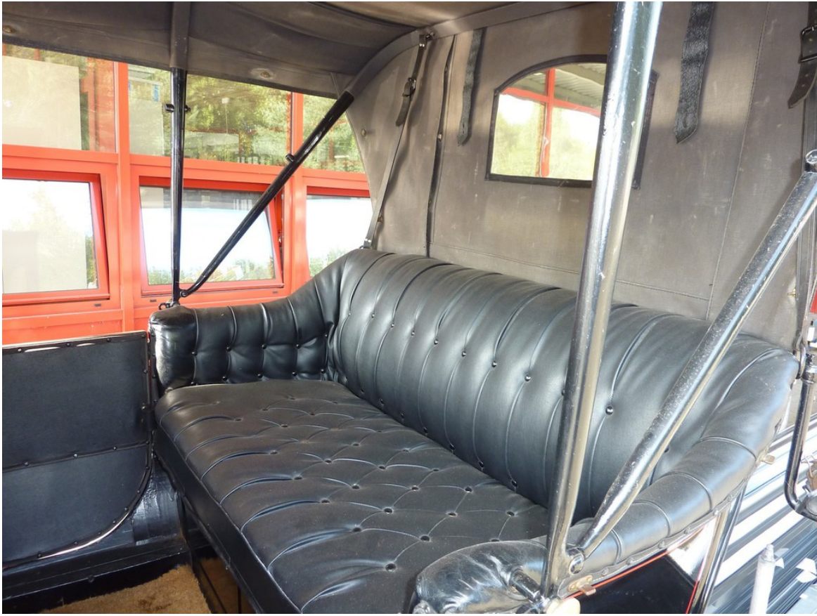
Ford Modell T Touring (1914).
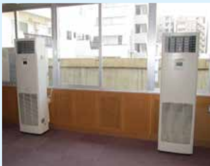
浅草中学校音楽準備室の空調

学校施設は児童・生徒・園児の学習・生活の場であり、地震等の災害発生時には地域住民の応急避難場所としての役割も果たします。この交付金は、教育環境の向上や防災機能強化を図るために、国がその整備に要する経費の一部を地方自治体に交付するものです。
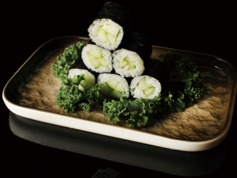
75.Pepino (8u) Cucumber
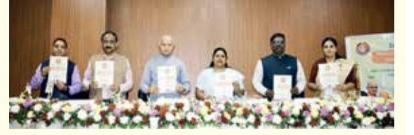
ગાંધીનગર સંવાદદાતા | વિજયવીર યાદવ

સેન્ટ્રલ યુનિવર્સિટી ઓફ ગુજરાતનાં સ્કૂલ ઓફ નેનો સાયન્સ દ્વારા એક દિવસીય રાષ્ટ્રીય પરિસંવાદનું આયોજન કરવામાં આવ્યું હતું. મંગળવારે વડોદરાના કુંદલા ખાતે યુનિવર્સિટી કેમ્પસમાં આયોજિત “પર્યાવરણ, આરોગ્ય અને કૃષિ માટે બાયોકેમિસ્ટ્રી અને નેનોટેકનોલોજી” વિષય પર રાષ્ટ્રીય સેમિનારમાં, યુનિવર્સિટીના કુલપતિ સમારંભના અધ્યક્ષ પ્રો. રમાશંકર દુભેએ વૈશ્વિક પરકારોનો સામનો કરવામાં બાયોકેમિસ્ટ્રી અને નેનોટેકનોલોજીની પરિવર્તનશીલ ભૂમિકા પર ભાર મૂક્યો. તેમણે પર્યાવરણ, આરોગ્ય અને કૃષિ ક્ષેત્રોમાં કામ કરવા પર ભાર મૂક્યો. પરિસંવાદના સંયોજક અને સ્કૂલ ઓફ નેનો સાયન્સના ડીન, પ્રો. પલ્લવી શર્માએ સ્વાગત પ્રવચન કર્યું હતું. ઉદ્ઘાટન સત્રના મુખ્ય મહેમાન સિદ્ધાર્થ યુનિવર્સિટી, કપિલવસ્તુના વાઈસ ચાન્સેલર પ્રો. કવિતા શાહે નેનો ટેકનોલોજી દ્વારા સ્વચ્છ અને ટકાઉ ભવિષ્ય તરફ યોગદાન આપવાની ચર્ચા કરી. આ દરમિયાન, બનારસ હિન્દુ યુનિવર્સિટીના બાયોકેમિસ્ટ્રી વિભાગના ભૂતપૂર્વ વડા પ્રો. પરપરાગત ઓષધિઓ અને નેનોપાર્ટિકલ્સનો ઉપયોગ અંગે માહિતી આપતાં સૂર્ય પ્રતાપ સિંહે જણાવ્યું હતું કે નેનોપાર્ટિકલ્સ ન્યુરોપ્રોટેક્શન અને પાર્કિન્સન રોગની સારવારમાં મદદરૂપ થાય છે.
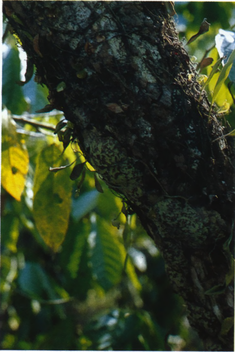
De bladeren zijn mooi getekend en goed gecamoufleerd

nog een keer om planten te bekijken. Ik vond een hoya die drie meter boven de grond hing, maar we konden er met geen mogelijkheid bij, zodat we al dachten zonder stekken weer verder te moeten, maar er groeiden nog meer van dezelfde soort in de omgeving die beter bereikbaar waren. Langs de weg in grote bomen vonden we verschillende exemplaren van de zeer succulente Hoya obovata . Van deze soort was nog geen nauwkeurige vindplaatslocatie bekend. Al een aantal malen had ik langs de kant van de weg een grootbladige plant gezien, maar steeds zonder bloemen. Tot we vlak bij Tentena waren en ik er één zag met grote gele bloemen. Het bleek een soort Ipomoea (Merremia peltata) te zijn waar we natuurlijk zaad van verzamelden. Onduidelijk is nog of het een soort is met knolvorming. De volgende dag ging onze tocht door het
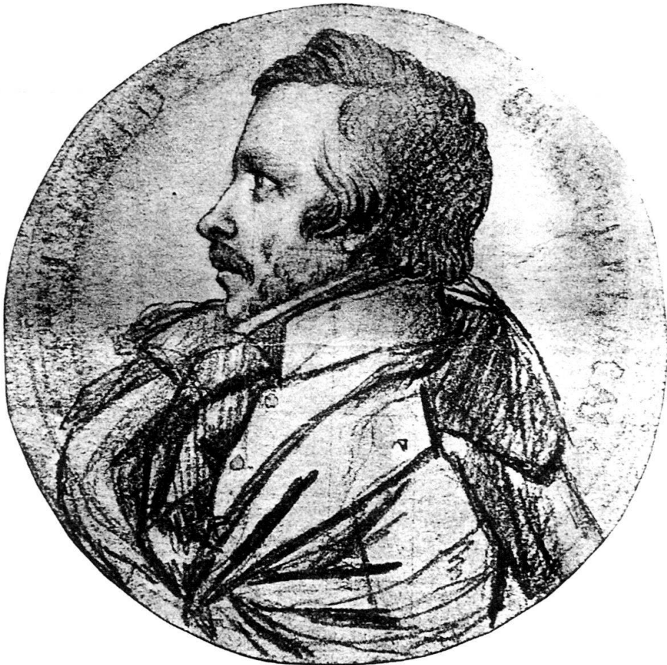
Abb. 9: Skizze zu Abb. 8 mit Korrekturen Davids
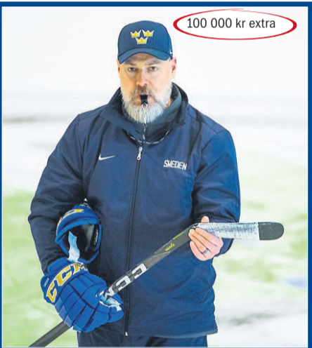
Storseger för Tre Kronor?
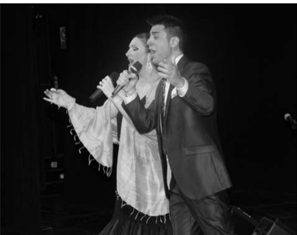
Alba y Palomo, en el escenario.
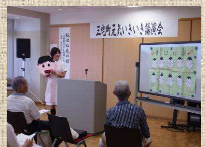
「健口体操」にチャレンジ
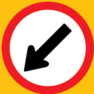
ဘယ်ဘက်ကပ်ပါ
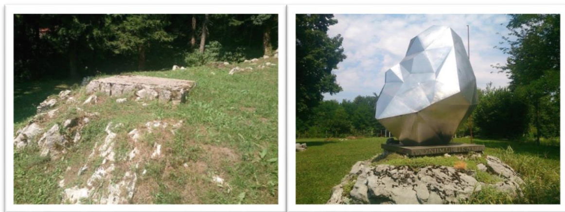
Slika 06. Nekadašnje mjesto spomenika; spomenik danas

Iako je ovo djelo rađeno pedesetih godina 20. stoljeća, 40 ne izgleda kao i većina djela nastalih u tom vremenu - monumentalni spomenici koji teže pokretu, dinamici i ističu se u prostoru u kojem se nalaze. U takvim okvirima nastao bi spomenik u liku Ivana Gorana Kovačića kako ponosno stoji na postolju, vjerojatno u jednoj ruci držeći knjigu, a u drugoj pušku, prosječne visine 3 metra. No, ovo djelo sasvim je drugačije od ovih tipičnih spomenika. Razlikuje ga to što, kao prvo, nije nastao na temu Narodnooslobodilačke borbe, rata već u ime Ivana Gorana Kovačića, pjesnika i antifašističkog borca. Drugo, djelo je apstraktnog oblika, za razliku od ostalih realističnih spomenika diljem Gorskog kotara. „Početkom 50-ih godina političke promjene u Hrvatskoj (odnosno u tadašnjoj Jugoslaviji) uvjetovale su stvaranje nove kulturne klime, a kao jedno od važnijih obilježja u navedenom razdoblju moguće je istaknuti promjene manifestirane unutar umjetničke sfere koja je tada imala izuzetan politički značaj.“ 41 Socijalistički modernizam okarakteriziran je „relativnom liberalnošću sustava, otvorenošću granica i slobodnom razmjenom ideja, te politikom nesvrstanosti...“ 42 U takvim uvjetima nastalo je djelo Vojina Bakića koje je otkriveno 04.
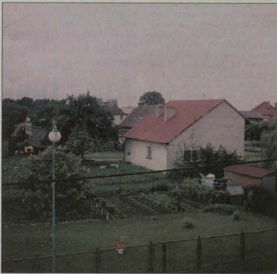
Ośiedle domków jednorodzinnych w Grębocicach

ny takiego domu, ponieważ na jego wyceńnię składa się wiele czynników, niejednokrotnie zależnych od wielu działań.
========================================================================
=== WHAT YOU HAVE TO DO ===
Repeat each record exactly as shown above, dropping all images.

=== THE ANSWER ===
Ford Modell T Touring (1914).
浅草中学校音楽準備室の空調

学校施設は児童・生徒・園児の学習・生活の場であり、地震等の災害発生時には地域住民の応急避難場所としての役割も果たします。この交付金は、教育環境の向上や防災機能強化を図るために、国がその整備に要する経費の一部を地方自治体に交付するものです。
75.Pepino (8u) Cucumber
ગાંધીનગર સંવાદદાતા | વિજયવીર યાદવ

સેન્ટ્રલ યુનિવર્સિટી ઓફ ગુજરાતનાં સ્કૂલ ઓફ નેનો સાયન્સ દ્વારા એક દિવસીય રાષ્ટ્રીય પરિસંવાદનું આયોજન કરવામાં આવ્યું હતું. મંગળવારે વડોદરાના કુંદલા ખાતે યુનિવર્સિટી કેમ્પસમાં આયોજિત “પર્યાવરણ, આરોગ્ય અને કૃષિ માટે બાયોકેમિસ્ટ્રી અને નેનોટેકનોલોજી” વિષય પર રાષ્ટ્રીય સેમિનારમાં, યુનિવર્સિટીના કુલપતિ સમારંભના અધ્યક્ષ પ્રો. રમાશંકર દુભેએ વૈશ્વિક પરકારોનો સામનો કરવામાં બાયોકેમિસ્ટ્રી અને નેનોટેકનોલોજીની પરિવર્તનશીલ ભૂમિકા પર ભાર મૂક્યો. તેમણે પર્યાવરણ, આરોગ્ય અને કૃષિ ક્ષેત્રોમાં કામ કરવા પર ભાર મૂક્યો. પરિસંવાદના સંયોજક અને સ્કૂલ ઓફ નેનો સાયન્સના ડીન, પ્રો. પલ્લવી શર્માએ સ્વાગત પ્રવચન કર્યું હતું. ઉદ્ઘાટન સત્રના મુખ્ય મહેમાન સિદ્ધાર્થ યુનિવર્સિટી, કપિલવસ્તુના વાઈસ ચાન્સેલર પ્રો. કવિતા શાહે નેનો ટેકનોલોજી દ્વારા સ્વચ્છ અને ટકાઉ ભવિષ્ય તરફ યોગદાન આપવાની ચર્ચા કરી. આ દરમિયાન, બનારસ હિન્દુ યુનિવર્સિટીના બાયોકેમિસ્ટ્રી વિભાગના ભૂતપૂર્વ વડા પ્રો. પરપરાગત ઓષધિઓ અને નેનોપાર્ટિકલ્સનો ઉપયોગ અંગે માહિતી આપતાં સૂર્ય પ્રતાપ સિંહે જણાવ્યું હતું કે નેનોપાર્ટિકલ્સ ન્યુરોપ્રોટેક્શન અને પાર્કિન્સન રોગની સારવારમાં મદદરૂપ થાય છે.
De bladeren zijn mooi getekend en goed gecamoufleerd

nog een keer om planten te bekijken. Ik vond een hoya die drie meter boven de grond hing, maar we konden er met geen mogelijkheid bij, zodat we al dachten zonder stekken weer verder te moeten, maar er groeiden nog meer van dezelfde soort in de omgeving die beter bereikbaar waren. Langs de weg in grote bomen vonden we verschillende exemplaren van de zeer succulente Hoya obovata . Van deze soort was nog geen nauwkeurige vindplaatslocatie bekend. Al een aantal malen had ik langs de kant van de weg een grootbladige plant gezien, maar steeds zonder bloemen. Tot we vlak bij Tentena waren en ik er één zag met grote gele bloemen. Het bleek een soort Ipomoea (Merremia peltata) te zijn waar we natuurlijk zaad van verzamelden. Onduidelijk is nog of het een soort is met knolvorming. De volgende dag ging onze tocht door het
Abb. 9: Skizze zu Abb. 8 mit Korrekturen Davids
Storseger för Tre Kronor?
Alba y Palomo, en el escenario.
「健口体操」にチャレンジ
ဘယ်ဘက်ကပ်ပါ
Slika 06. Nekadašnje mjesto spomenika; spomenik danas

Iako je ovo djelo rađeno pedesetih godina 20. stoljeća, 40 ne izgleda kao i većina djela nastalih u tom vremenu - monumentalni spomenici koji teže pokretu, dinamici i ističu se u prostoru u kojem se nalaze. U takvim okvirima nastao bi spomenik u liku Ivana Gorana Kovačića kako ponosno stoji na postolju, vjerojatno u jednoj ruci držeći knjigu, a u drugoj pušku, prosječne visine 3 metra. No, ovo djelo sasvim je drugačije od ovih tipičnih spomenika. Razlikuje ga to što, kao prvo, nije nastao na temu Narodnooslobodilačke borbe, rata već u ime Ivana Gorana Kovačića, pjesnika i antifašističkog borca. Drugo, djelo je apstraktnog oblika, za razliku od ostalih realističnih spomenika diljem Gorskog kotara. „Početkom 50-ih godina političke promjene u Hrvatskoj (odnosno u tadašnjoj Jugoslaviji) uvjetovale su stvaranje nove kulturne klime, a kao jedno od važnijih obilježja u navedenom razdoblju moguće je istaknuti promjene manifestirane unutar umjetničke sfere koja je tada imala izuzetan politički značaj.“ 41 Socijalistički modernizam okarakteriziran je „relativnom liberalnošću sustava, otvorenošću granica i slobodnom razmjenom ideja, te politikom nesvrstanosti...“ 42 U takvim uvjetima nastalo je djelo Vojina Bakića koje je otkriveno 04.
Ośiedle domków jednorodzinnych w Grębocicach

ny takiego domu, ponieważ na jego wyceńnię składa się wiele czynników, niejednokrotnie zależnych od wielu działań.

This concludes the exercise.